On a GAAP basis, second-quarter net income from continuing operations
attributable to common shareholders was $52.2 million, a decrease of
3.4% from net income of $54.0 million for the same period in 2017.
Second-quarter diluted earnings per share on a GAAP basis were $1.06, a
decrease of 5.4% from $1.12 for the second quarter of 2017. The lower
GAAP net income and earnings per share were driven primarily by
acquisition and integration costs, including amortization of intangible
assets, primarily related to MPI Research.

On a non-GAAP basis, net income from continuing operations was $79.3
million for the second quarter of 2018, an increase of 27.2% from $62.4
million for the same period in 2017. Second-quarter diluted earnings per
share on a non-GAAP basis were $1.62, an increase of 25.6% from $1.29
per share for the second quarter of 2017. The non-GAAP net income and
earnings per share increases were driven primarily by the contribution
from the MPI acquisition, as well as gains on the Company's venture
capital investments and a lower tax rate. The gains on the Company's
venture capital investments were $0.17 per share in the second quarter
of 2018, compared to gains of $0.03 for the same period in 2017.
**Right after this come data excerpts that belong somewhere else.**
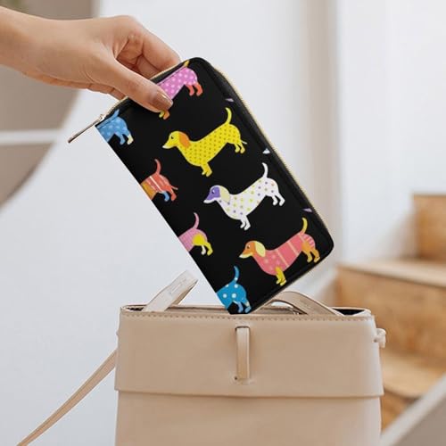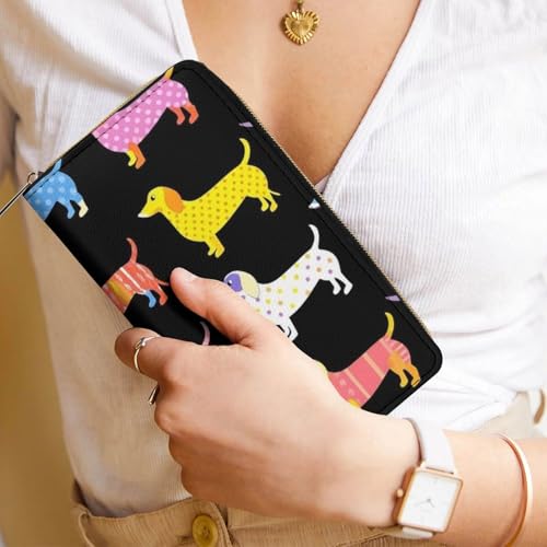 Travel Purse Fashion Design, Huge Storage Capacity Wallet, Cute Decor Wallet, Long PU Zipper Purse Black Dachshund Puppy Animal Dog 1
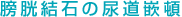 突然排尿障害が発症した症例で、前立腺部尿道に1cm大の結石の嵌頓を認めた。膀胱壁は平滑である。腎結石が落下したものと考えられる。落下結石の大半は自然排石される。 |
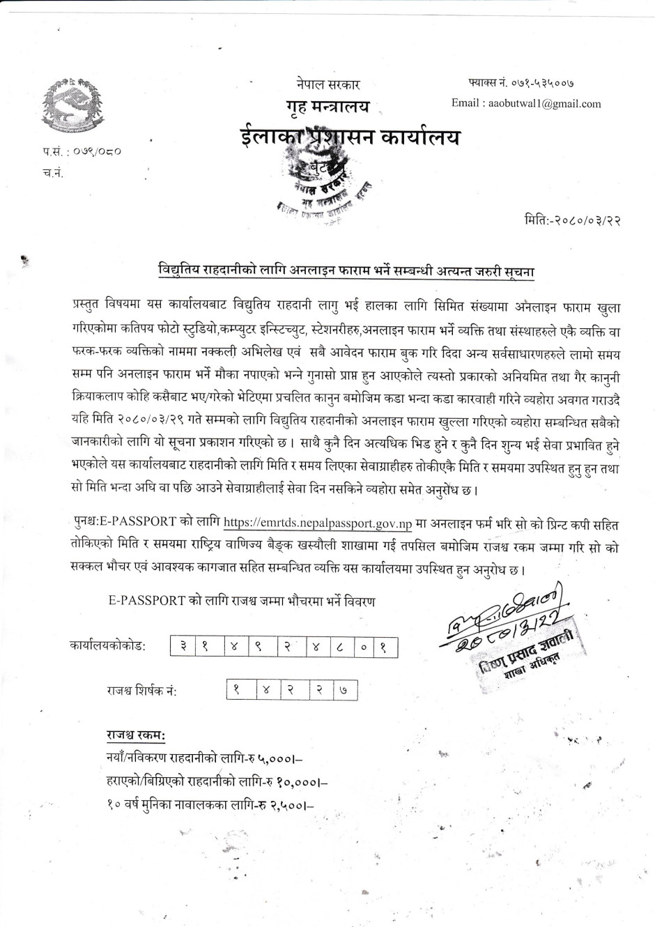 राहदानीको सेवा सुचारु सम्बन्धी सुचना ।
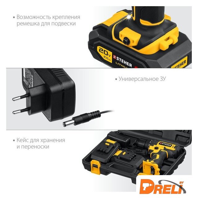 | Комплектация | - Дрель-шуруповерт 1- Аккумулятор 2- Зарядное устройство 1- Бита 50 мм 1 PH, PZ- Скоба крепления 1- Кейс 1- Руководство по эксплуатации 1 |
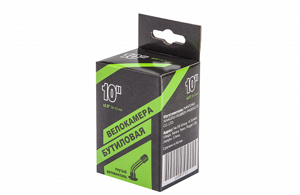 Велокамера 10" x 2.0 согнутый автовентиль, в индивидуальной упаковке
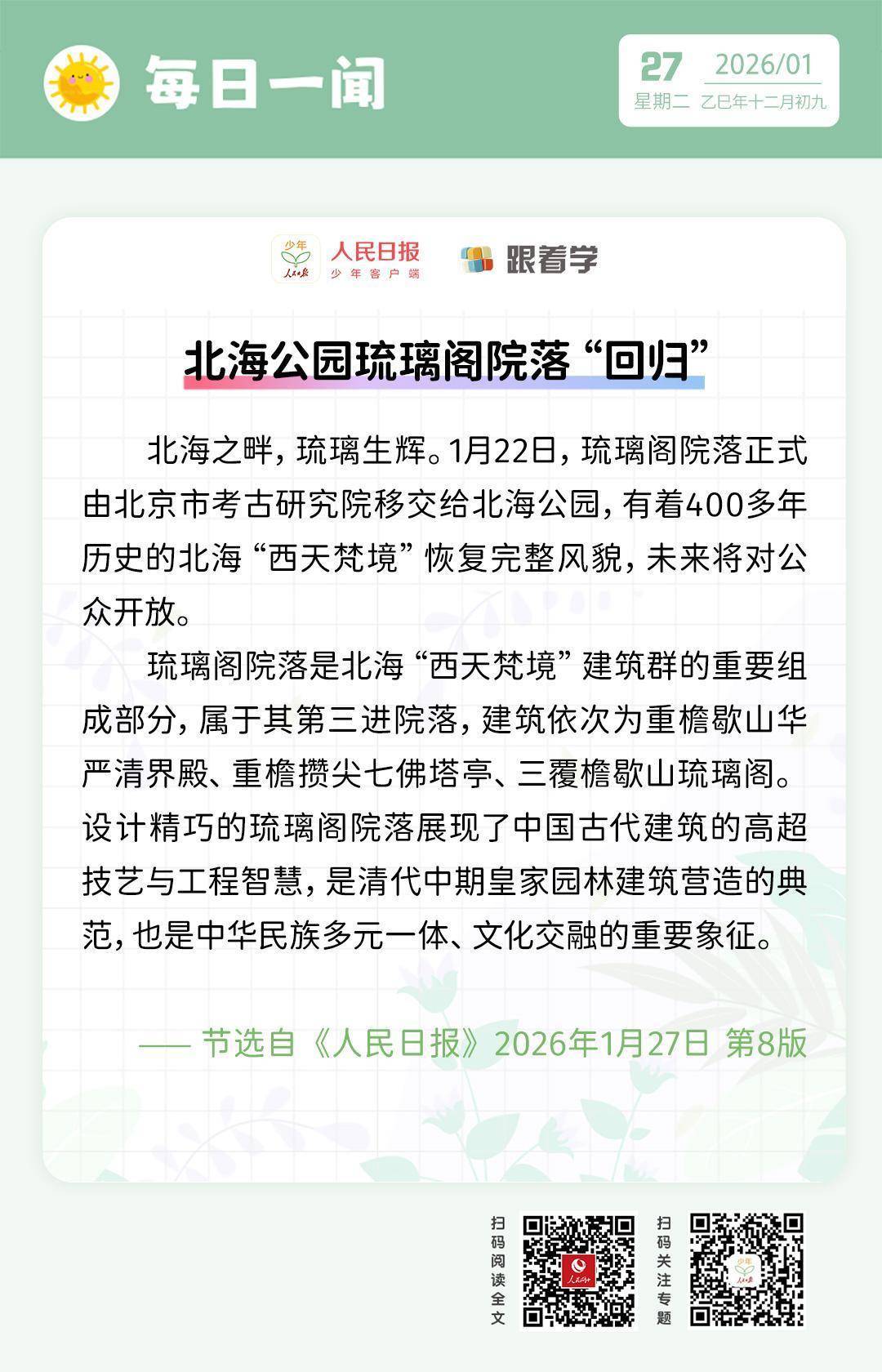 大通证券 每日一闻丨北海公园琉璃阁院落“回归”
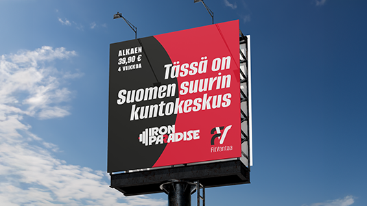 The FitVantaa and it’s sub-brand Iron Paradise -project was a complete rebranding of an existing gym complex. The new dynamic, strong and energetic look has been created to support and portray the gym’s position as Finland’s foremost fitness centre.
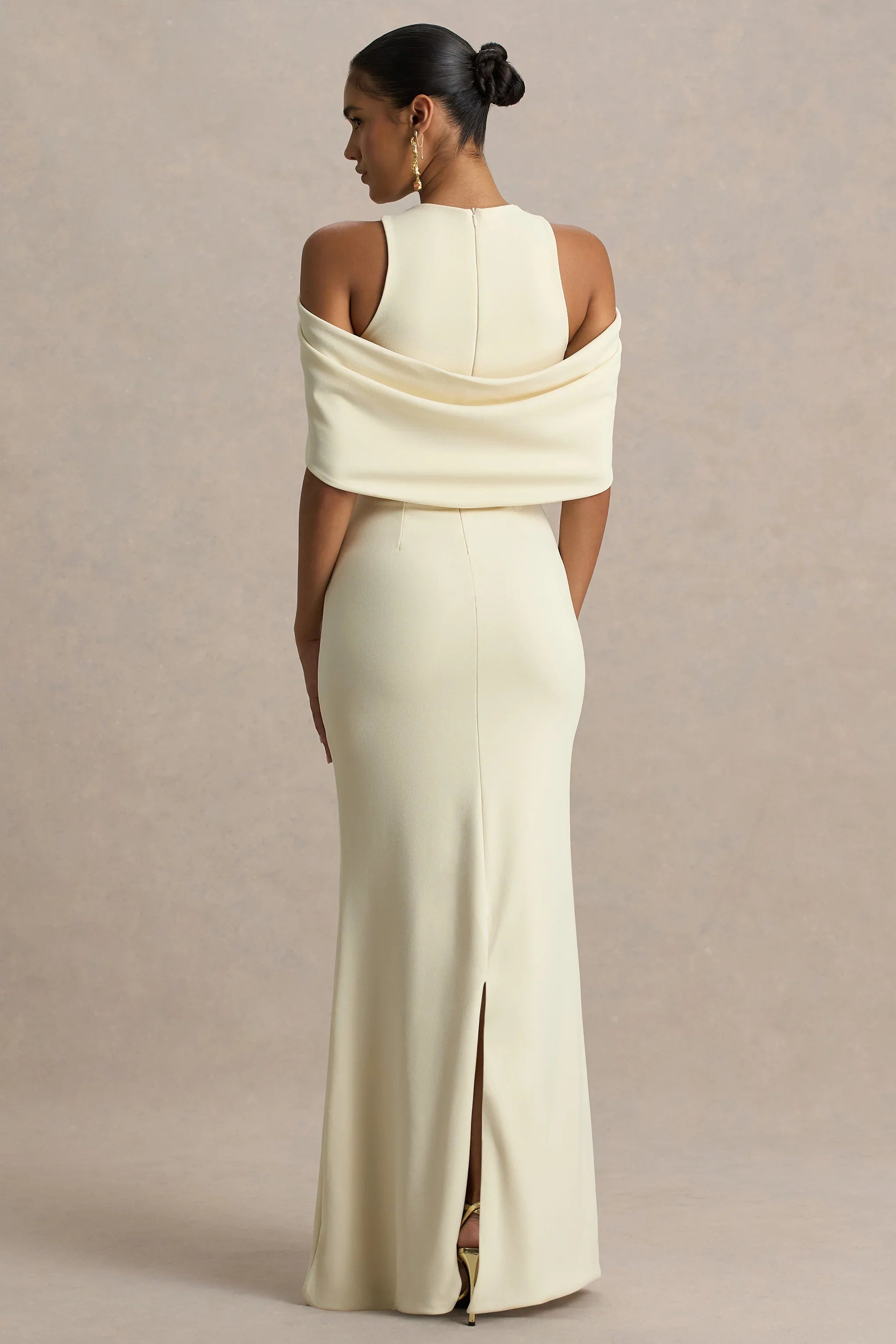 Step into elegance with Yulia, a timeless gown designed to capture the rooms attention. Crafted in a soft sand hue of our sculpting premium scuba crepe, this gown is designed to flatter every curve. The striking gold-detailed high neckline adds a chic touch, while the pleated cape overlay drapes gracefully across the shoulders, creating drama from every angle. With a floor-sweeping maxi hem and centre-back split for effortless movement, Yulia is made for grand entrances and unforgettable exits.

James C. Foster, Chairman, President and Chief Executive Officer, said,
"We believe our robust second-quarter revenue growth is indicative of an
extremely healthy market environment, and our position as the premier,
early-stage CRO with a unique ability to support our clients from target
discovery through non-clinical development. Our clients, both large and
small, are intensifying investments in their pipelines, which is
creating new business opportunities for Charles River. At this critical
time, we believe that it is incumbent upon us to invest in our
portfolio, our people, and our infrastructure to solidify our position
as our clients' early-stage partner of choice, and to enhance
shareholder value. We are pleased with our second-quarter performance,
and optimistic about the opportunities for growth in 2018 and beyond. As
a result, we are increasing our revenue and earnings per share guidance
for the year."

Second-Quarter Segment Results

Research Models and Services (RMS)

Revenue for the RMS segment was $130.4 million in the second quarter of
2018, an increase of 5.2% from $124.0 million in the second quarter of
2017. Organic revenue growth was 2.0%, driven primarily by increased
demand for research models in China, as well as higher revenue for
research model services.

In the second quarter of 2018, the RMS segment's GAAP operating margin
decreased to 26.3% from 27.1% in the second quarter of 2017. On a
non-GAAP basis, the operating margin decreased to 26.8% from 27.4% in
the second quarter of 2017. The non-GAAP operating margin decline was
driven primarily by research model services.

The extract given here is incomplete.